**Task objective:** Copy exactly, and only, the lines between the start of the entries below and the line containing "Базовая блузка из", both inclusive. Omit pictures.

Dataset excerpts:
|---|

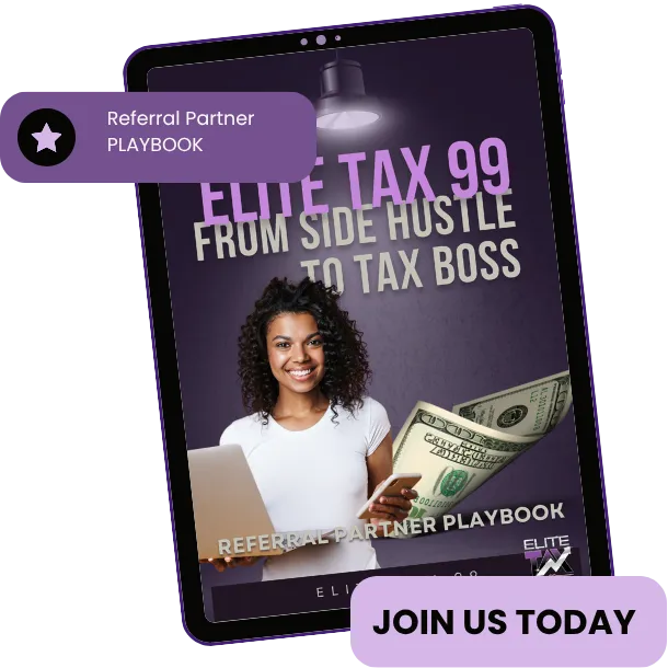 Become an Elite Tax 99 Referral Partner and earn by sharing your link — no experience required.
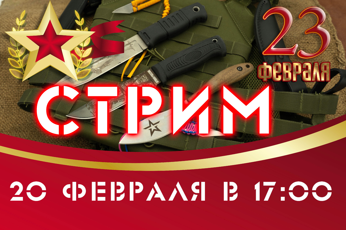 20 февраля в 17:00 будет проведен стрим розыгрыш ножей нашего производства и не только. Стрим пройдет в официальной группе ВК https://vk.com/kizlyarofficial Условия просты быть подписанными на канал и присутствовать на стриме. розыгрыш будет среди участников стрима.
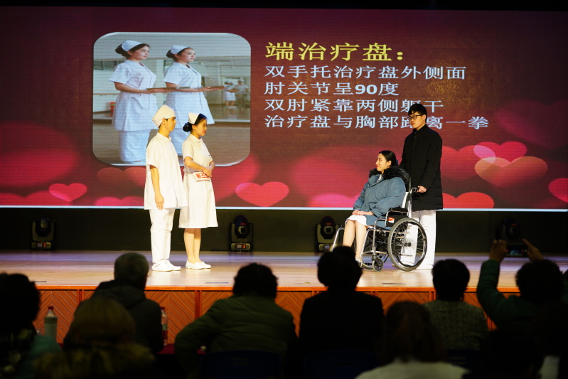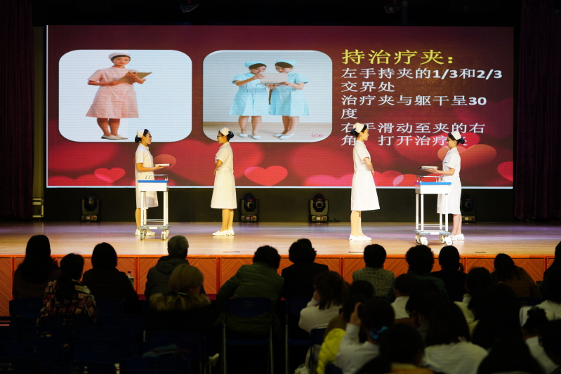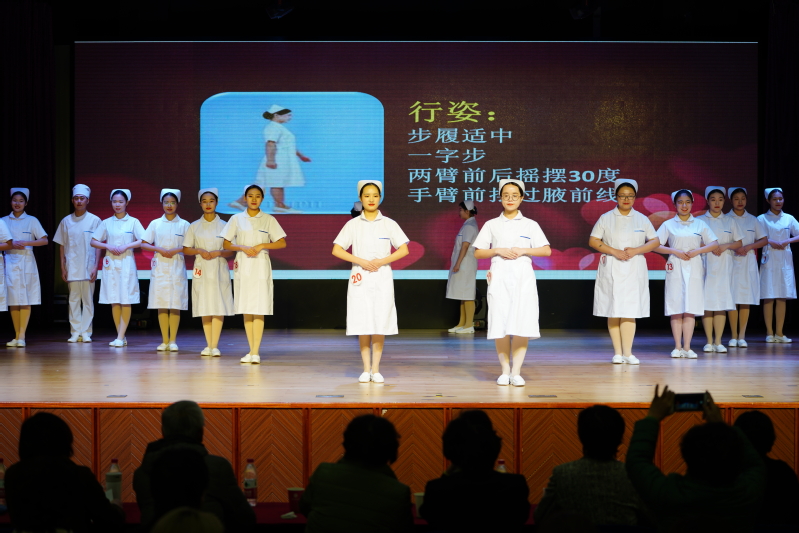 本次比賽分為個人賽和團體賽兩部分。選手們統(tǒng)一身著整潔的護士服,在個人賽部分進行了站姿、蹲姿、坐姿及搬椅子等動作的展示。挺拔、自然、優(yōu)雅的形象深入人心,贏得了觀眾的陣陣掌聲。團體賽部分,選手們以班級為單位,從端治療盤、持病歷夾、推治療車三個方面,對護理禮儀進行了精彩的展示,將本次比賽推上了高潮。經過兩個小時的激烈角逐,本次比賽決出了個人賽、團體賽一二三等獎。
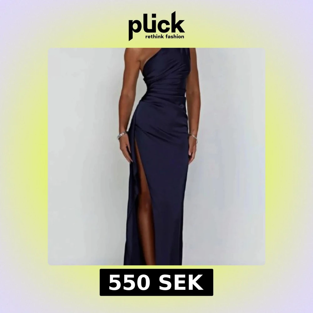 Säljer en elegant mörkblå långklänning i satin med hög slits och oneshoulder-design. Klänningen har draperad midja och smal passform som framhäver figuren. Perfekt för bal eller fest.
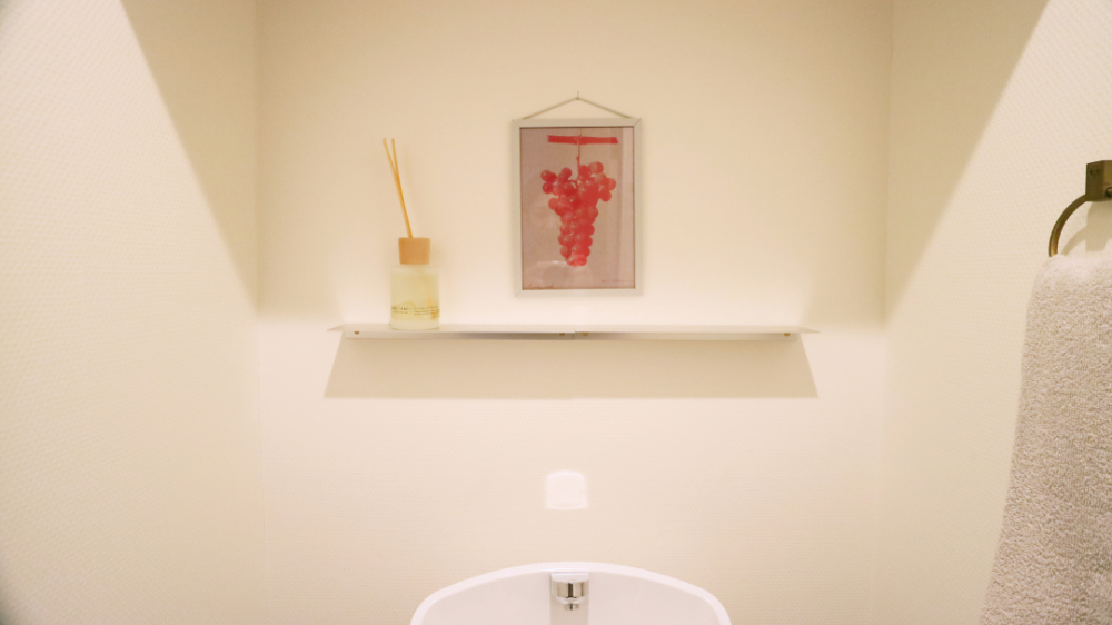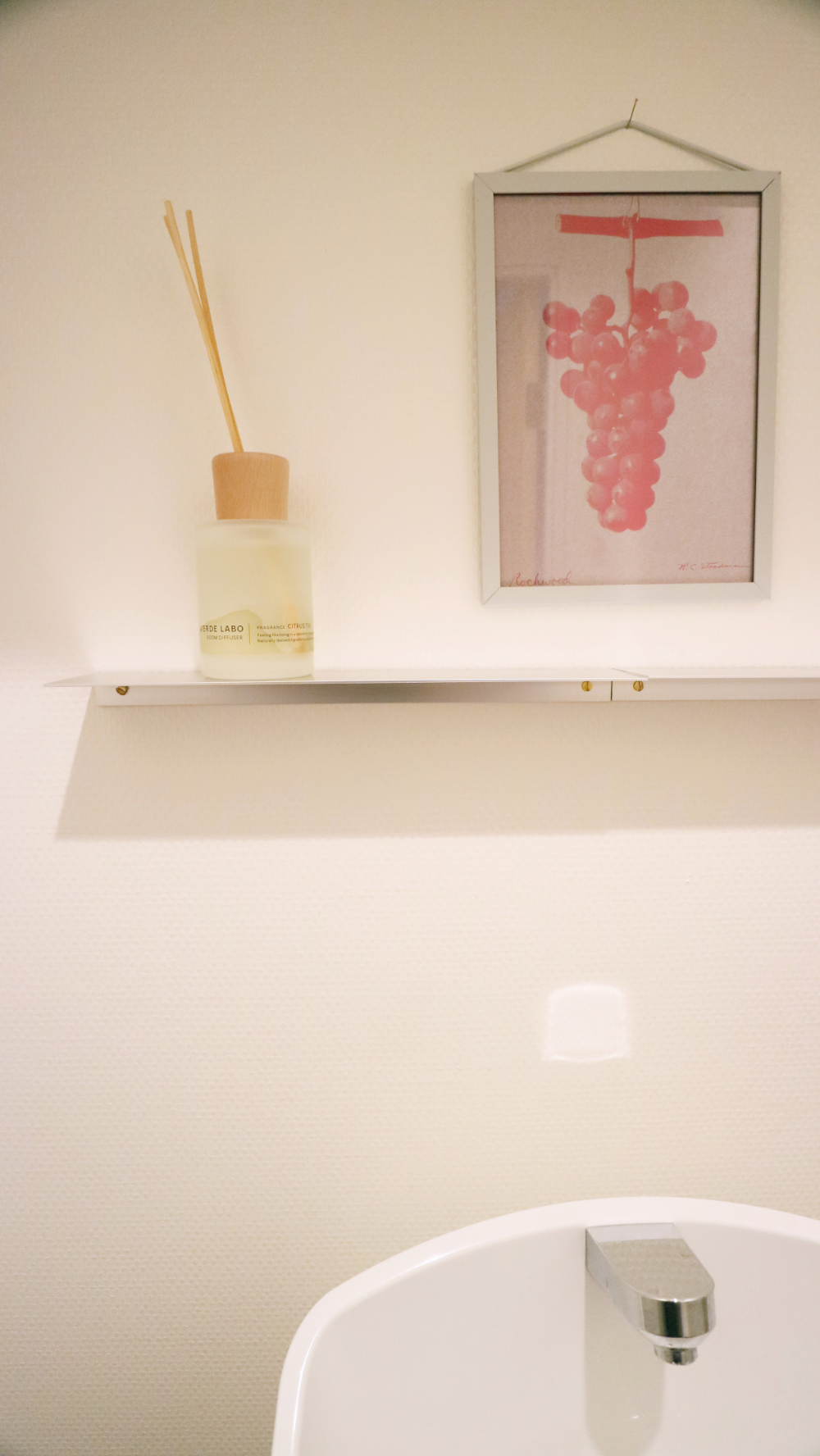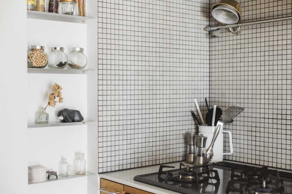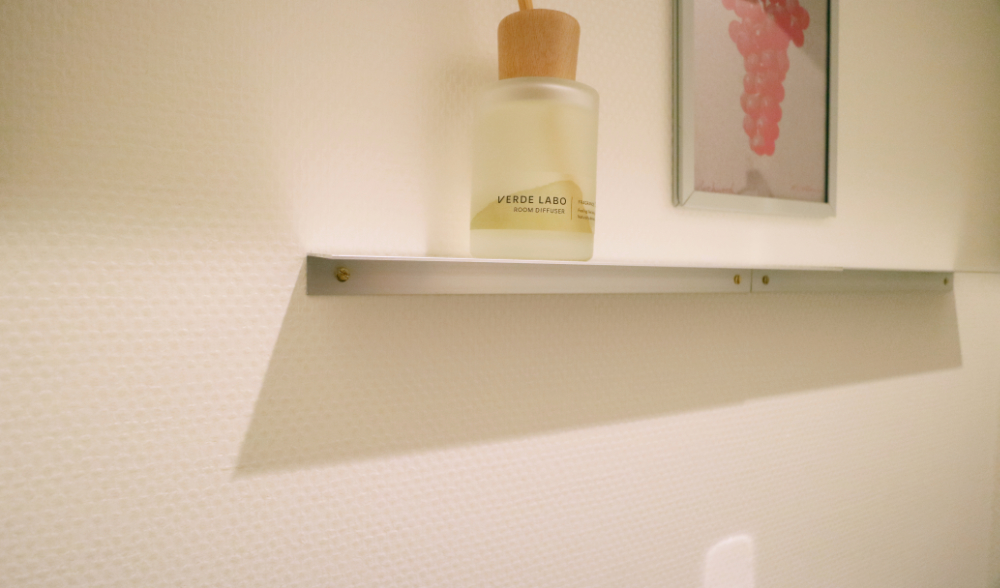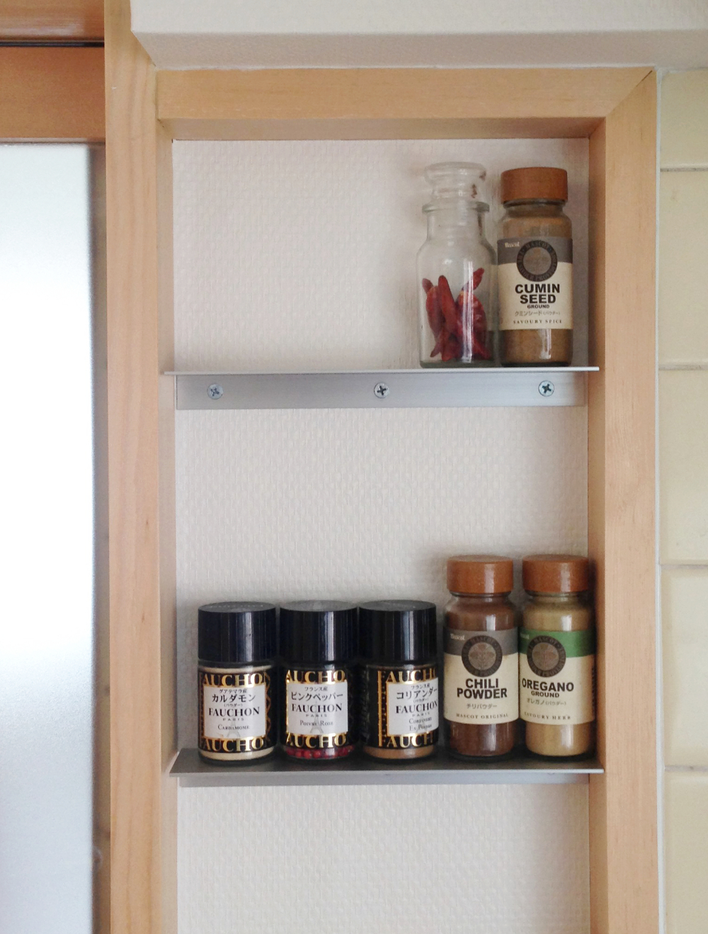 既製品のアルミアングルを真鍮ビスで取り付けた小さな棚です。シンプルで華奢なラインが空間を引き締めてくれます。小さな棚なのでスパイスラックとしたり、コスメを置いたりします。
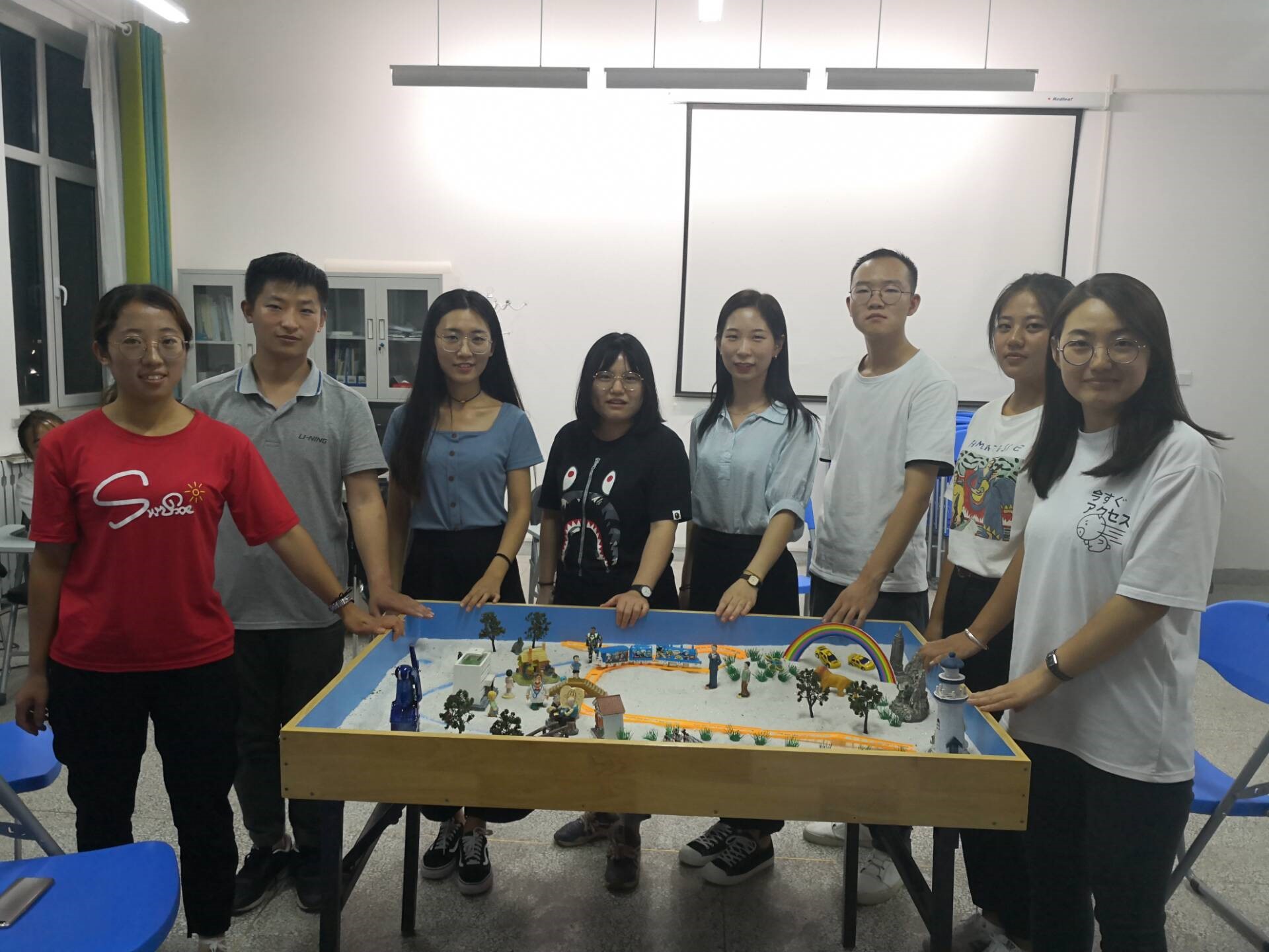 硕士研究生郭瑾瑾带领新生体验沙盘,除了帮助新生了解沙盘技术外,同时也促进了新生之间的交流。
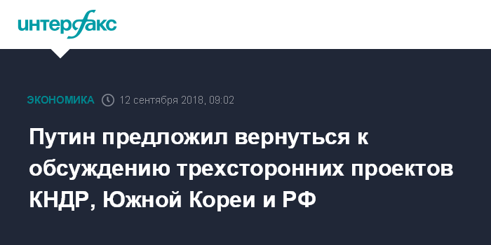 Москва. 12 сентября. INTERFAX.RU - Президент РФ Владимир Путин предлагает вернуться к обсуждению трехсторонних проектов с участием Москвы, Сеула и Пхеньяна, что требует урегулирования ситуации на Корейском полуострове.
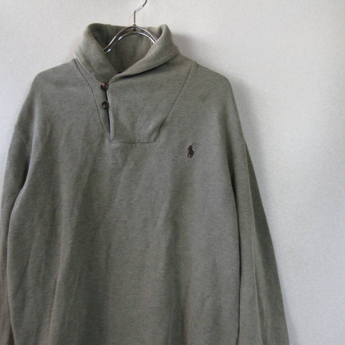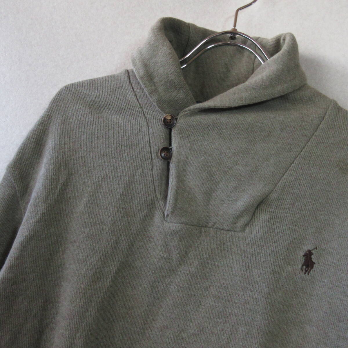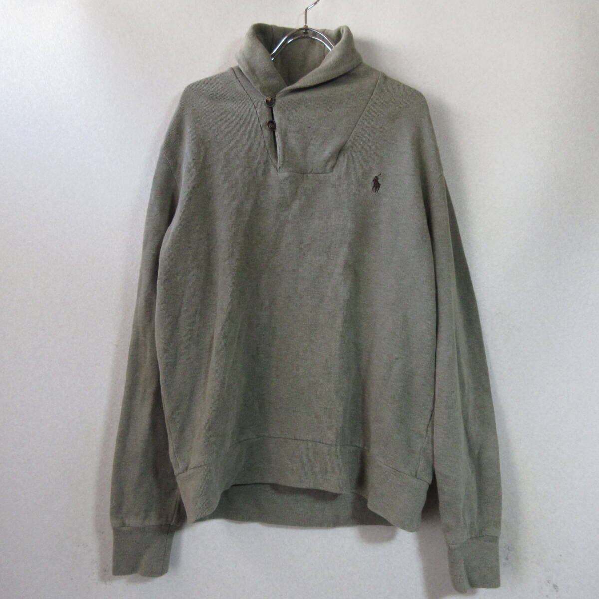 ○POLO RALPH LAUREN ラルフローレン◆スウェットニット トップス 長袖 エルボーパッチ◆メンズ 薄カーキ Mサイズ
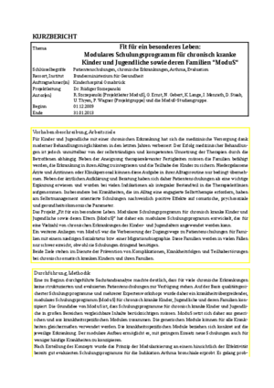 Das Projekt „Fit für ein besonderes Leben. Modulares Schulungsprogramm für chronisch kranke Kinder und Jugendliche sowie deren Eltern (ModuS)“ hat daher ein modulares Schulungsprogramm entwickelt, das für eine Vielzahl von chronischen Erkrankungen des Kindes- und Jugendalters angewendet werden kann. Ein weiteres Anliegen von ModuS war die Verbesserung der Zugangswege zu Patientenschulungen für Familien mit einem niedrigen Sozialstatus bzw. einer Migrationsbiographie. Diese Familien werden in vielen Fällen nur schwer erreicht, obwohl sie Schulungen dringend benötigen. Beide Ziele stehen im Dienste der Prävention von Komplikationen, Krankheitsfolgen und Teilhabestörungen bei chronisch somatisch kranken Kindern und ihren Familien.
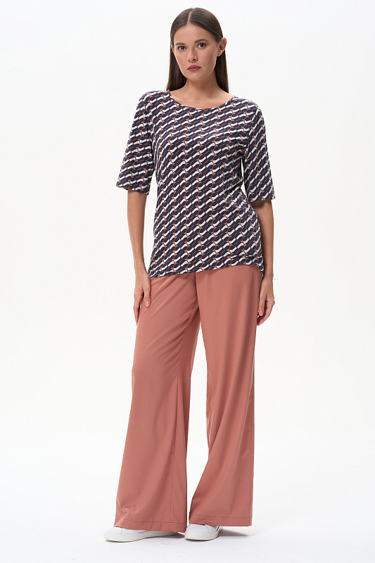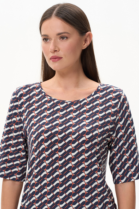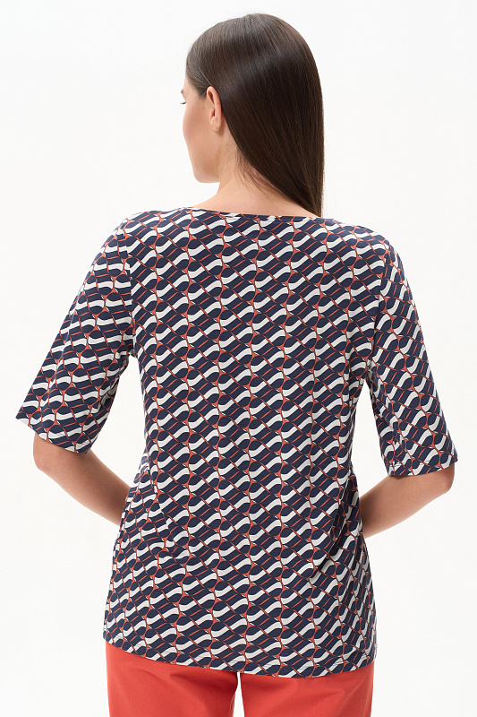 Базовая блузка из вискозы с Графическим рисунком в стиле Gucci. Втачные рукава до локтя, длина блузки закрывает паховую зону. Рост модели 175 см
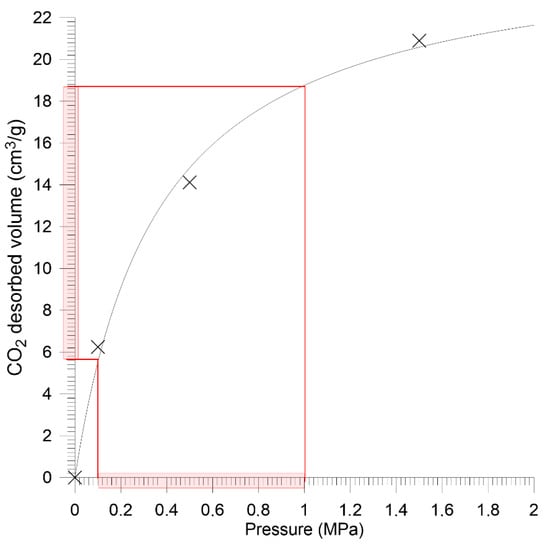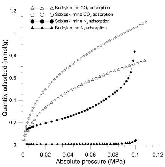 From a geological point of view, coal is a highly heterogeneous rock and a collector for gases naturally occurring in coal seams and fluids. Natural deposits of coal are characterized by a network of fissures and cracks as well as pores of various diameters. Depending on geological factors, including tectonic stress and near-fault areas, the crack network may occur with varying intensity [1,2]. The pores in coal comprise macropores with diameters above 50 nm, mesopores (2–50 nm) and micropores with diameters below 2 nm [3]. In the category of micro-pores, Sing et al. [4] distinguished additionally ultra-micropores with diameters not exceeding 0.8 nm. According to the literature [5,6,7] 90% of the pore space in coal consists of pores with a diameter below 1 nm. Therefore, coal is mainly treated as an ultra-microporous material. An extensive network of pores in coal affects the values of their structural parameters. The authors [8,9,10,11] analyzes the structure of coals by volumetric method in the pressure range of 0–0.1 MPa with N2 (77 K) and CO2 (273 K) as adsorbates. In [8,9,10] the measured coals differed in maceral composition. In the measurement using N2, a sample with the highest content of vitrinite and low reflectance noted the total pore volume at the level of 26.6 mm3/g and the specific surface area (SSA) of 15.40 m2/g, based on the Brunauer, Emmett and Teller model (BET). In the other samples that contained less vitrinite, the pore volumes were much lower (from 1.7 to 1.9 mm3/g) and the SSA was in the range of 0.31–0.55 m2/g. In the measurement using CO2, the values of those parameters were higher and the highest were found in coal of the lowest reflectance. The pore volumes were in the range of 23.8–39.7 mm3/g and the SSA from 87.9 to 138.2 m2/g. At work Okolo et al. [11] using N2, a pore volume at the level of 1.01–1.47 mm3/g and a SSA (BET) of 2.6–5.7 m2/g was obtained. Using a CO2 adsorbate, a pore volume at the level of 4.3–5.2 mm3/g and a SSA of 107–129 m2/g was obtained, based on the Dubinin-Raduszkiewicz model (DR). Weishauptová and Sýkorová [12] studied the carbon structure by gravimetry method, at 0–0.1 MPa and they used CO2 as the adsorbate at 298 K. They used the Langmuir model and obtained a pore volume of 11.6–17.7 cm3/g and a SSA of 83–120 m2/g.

|---|

**Response below:**
 Become an Elite Tax 99 Referral Partner and earn by sharing your link — no experience required.
 20 февраля в 17:00 будет проведен стрим розыгрыш ножей нашего производства и не только. Стрим пройдет в официальной группе ВК https://vk.com/kizlyarofficial Условия просты быть подписанными на канал и присутствовать на стриме. розыгрыш будет среди участников стрима.
 本次比賽分為個人賽和團體賽兩部分。選手們統(tǒng)一身著整潔的護士服,在個人賽部分進行了站姿、蹲姿、坐姿及搬椅子等動作的展示。挺拔、自然、優(yōu)雅的形象深入人心,贏得了觀眾的陣陣掌聲。團體賽部分,選手們以班級為單位,從端治療盤、持病歷夾、推治療車三個方面,對護理禮儀進行了精彩的展示,將本次比賽推上了高潮。經過兩個小時的激烈角逐,本次比賽決出了個人賽、團體賽一二三等獎。
 Säljer en elegant mörkblå långklänning i satin med hög slits och oneshoulder-design. Klänningen har draperad midja och smal passform som framhäver figuren. Perfekt för bal eller fest.
 既製品のアルミアングルを真鍮ビスで取り付けた小さな棚です。シンプルで華奢なラインが空間を引き締めてくれます。小さな棚なのでスパイスラックとしたり、コスメを置いたりします。
 硕士研究生郭瑾瑾带领新生体验沙盘,除了帮助新生了解沙盘技术外,同时也促进了新生之间的交流。
 Москва. 12 сентября. INTERFAX.RU - Президент РФ Владимир Путин предлагает вернуться к обсуждению трехсторонних проектов с участием Москвы, Сеула и Пхеньяна, что требует урегулирования ситуации на Корейском полуострове.
 ○POLO RALPH LAUREN ラルフローレン◆スウェットニット トップス 長袖 エルボーパッチ◆メンズ 薄カーキ Mサイズ
 Das Projekt „Fit für ein besonderes Leben. Modulares Schulungsprogramm für chronisch kranke Kinder und Jugendliche sowie deren Eltern (ModuS)“ hat daher ein modulares Schulungsprogramm entwickelt, das für eine Vielzahl von chronischen Erkrankungen des Kindes- und Jugendalters angewendet werden kann. Ein weiteres Anliegen von ModuS war die Verbesserung der Zugangswege zu Patientenschulungen für Familien mit einem niedrigen Sozialstatus bzw. einer Migrationsbiographie. Diese Familien werden in vielen Fällen nur schwer erreicht, obwohl sie Schulungen dringend benötigen. Beide Ziele stehen im Dienste der Prävention von Komplikationen, Krankheitsfolgen und Teilhabestörungen bei chronisch somatisch kranken Kindern und ihren Familien.
 Базовая блузка из вискозы с Графическим рисунком в стиле Gucci. Втачные рукава до локтя, длина блузки закрывает паховую зону. Рост модели 175 см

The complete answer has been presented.